Floods, erosion of coastal areas and changes in heating/cooling modes are of paramount importance for St. Petersburg. The development of the Climate Strategy is implied by the Environmental Policy of St. Petersburg by 2030 that was adopted back in 2012, and it may be further included in the regional Environmental safety documents.

The basis for the Climate Strategy development was a 4-year joint project by the leading scientific institutions of St. Petersburg and Finland, which analyzed the experience of Finland, as well as the Baltic countries, Scandinavia and Germany.

It is obvious now that St. Petersburg is facing the disruption of coastal areas, mean temperature growth, the onset of heat and cold waves that are detrimental to human health, increased precipitation and changes in ice conditions and snow cover and the Baltic Sea level rise. It all implies an increased frequency and intensity of events and processes that are connected with the negative impact of water (floods, inundations, coastal disruption etc.) on the territory of St. Petersburg.

One of the most important aspects of the Strategy is the acceptance of the fact that economic development and climate change go hand in hand. According to Ivan Serebritsky, Deputy Chair of the Committee for Nature Use, the consequences for the region’s economy may include the following:
- changes in heating/cooling seasons and modes, which may cause issues with energy resource reserves and energy efficiency,
- increased water consumption,
- additional costs of water treatment,
- unaccounted costs and loss of potable water,
- disruption of heat and gas supply,
- inefficient use of ships’ sea time, cancellation of departures/arrivals (flights, trains etc.). At the same time, it is possible that the navigation season will be extended, and the passenger and cargo turnover increased,
- lost productivity and decreased quality of work etc.

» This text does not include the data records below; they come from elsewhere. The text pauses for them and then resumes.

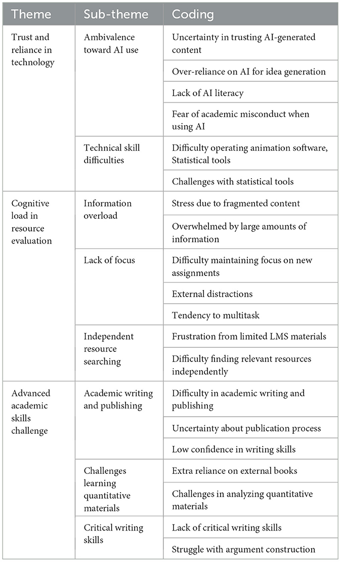 Results: Students reported cognitive challenges such as processing complex content, information overload, and limited academic writing and quantitative skills, alongside behavioral challenges including procrastination, task prioritization, and difficulties with independent learning. Triangulation confirmed these patterns.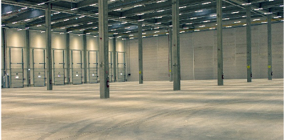 Noliktavas grīda ir izgatavota no monolītas betona plāksnes, kas armēta ar tērauda šķiedrām. Grīda ir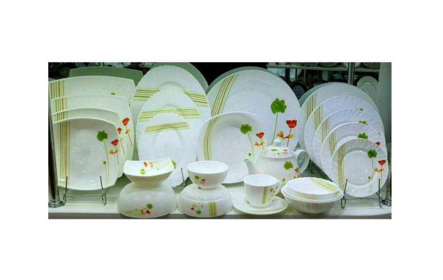 Столовый сервиз на шесть персон Амелия изготовлен из высококачественной стеклокерамики. Этот материал не тускнеет, устойчив к механическим повреждениям, не впитывает запахи и легко моется. Предметы набора можно использовать в микроволновой печи.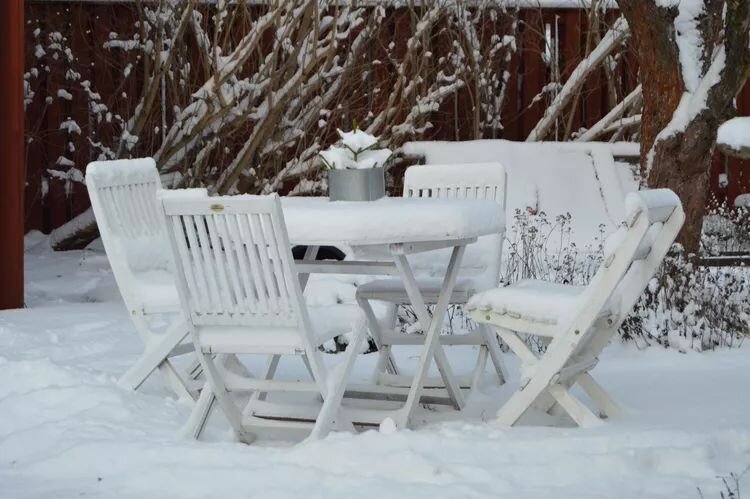 Качественная уборка уличной мебели. Перед заморозками стоит позаботиться о состояниях уличной мебели. Ее следует тщательно очистить от загрязнений и, если есть возможность, убрать на хранение в сарай или гараж. Если это невозможно, используйте влагонепроницаемые чехлы, чтобы защитить мебель от зимней сырости. Также не забудьте уберечь полы от коррозии, вызванной сменой температур.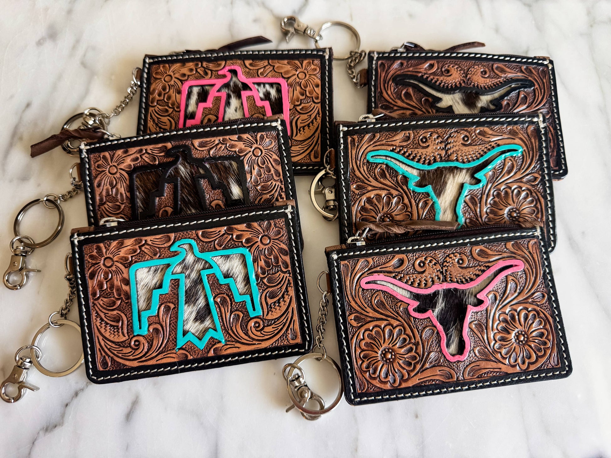 Longhorn Freebird Western Cowhide Leather Keychain Wallet: LONGHORN OR THUNDERBIRD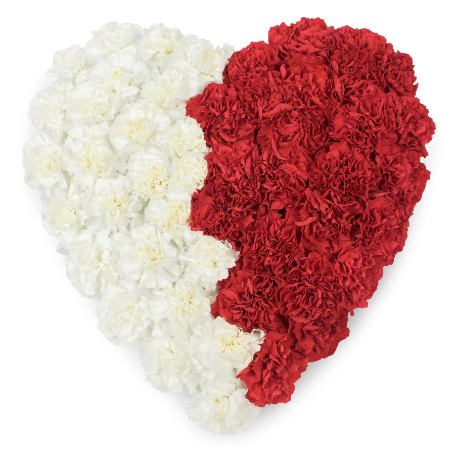 Introducing our enchanting heart-shaped bouquet by Handy Flowers, designed to capture the essence of elegance and emotion. Expertly arranged from pristine white and red carnations, each flower is chosen with utmost care to ensure maximum freshness and beauty. The vibrant color contrast and artistic layout make this bouquet a memorable symbol of love and admiration.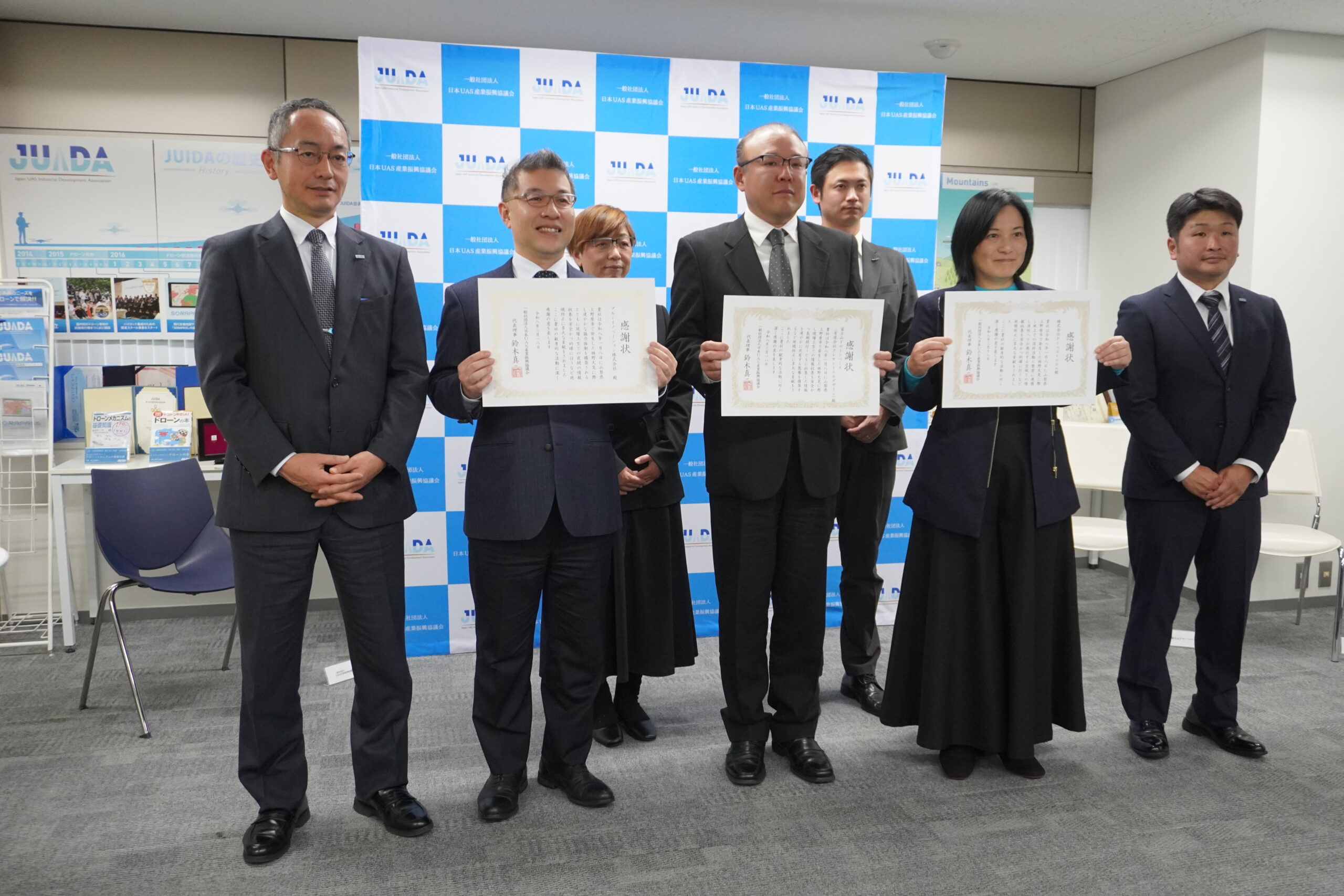 贈呈式では、JUIDAの嶋本学Dキューブ本部長から熊田ブルーイノベーション社長、渡邉富士山ドローンベース代表取締役、森内倫子Prodrone広報戦略部長にそれぞれ感謝状が授与された。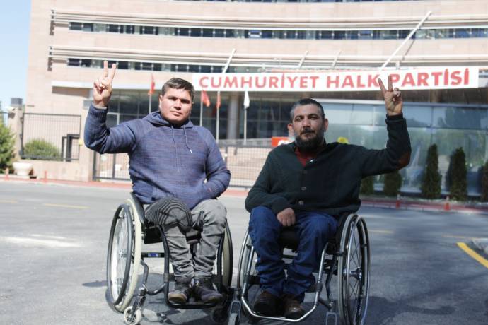 Konuya ilişkin CHP Adana İl Başkanı Mehmet Çelebi ile görüştüklerini ancak çözüm bulamadıkları için Ankara’ya geldiklerini söyleyen Karadoğan, “Engelliler olarak, ‘Engelliler dilenerek değil, direnerek kazanacaklar’ demek için buradayız. Talebimiz CHP Genel başkanı Kemal Kılıçdaroğlu’nun bize ıslak imzalı bir taahhütname vermesi. Taleplerimiz yerine gelene kadar da burada kalkmayacağız. Biz buraya her şeyi göze alarak geldik, hayata karşı örgütlü insanlarız biz, bu ülkede engelli bir yurttaş olmak demek aldığınız her nefeste mücadele etmeniz gerek anlamına geliyor” dedi.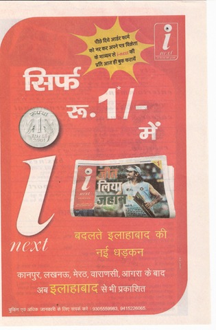 इलाहाबाद से आई-नेक्स्ट (i-next) अपना प्रकाशन शुरू करने जा रहा है। कल यह मार्केट में आयेगा। एक रुपये का नयी पीढ़ी का अखबार जिसमें २४ में से ९ पन्ने इलाहाबाद से सम्पादित होंगे।

The Strategy talks about both direct and indirect impact on human health. Direct impact implies an increased incidence rate and mortality during the days of abnormally high/low temperatures, as well as increased mortality, number of injuries and post shock syndromes as the result of floods, storms and other unfavorable meteorological conditions.

Indirect impact means the decrease of living conditions as the result of catastrophes cause by natural disasters (destruction of infrastructural objects, deterioration of water quality, quality of roads, air pollution etc.)

The draft Strategy talks about climate change impacts on the city infrastructure. When talking about mass transit, it implies road and railway maintenance as well as safety and reliability of traffic – which may be disrupted due to extreme weather conditions, such as snow storms, fogs, heat and cold waves etc.) The Strategy predicts the disruption of utility networks, corrosion of materials and decreased shipment of gas through gas pipelines.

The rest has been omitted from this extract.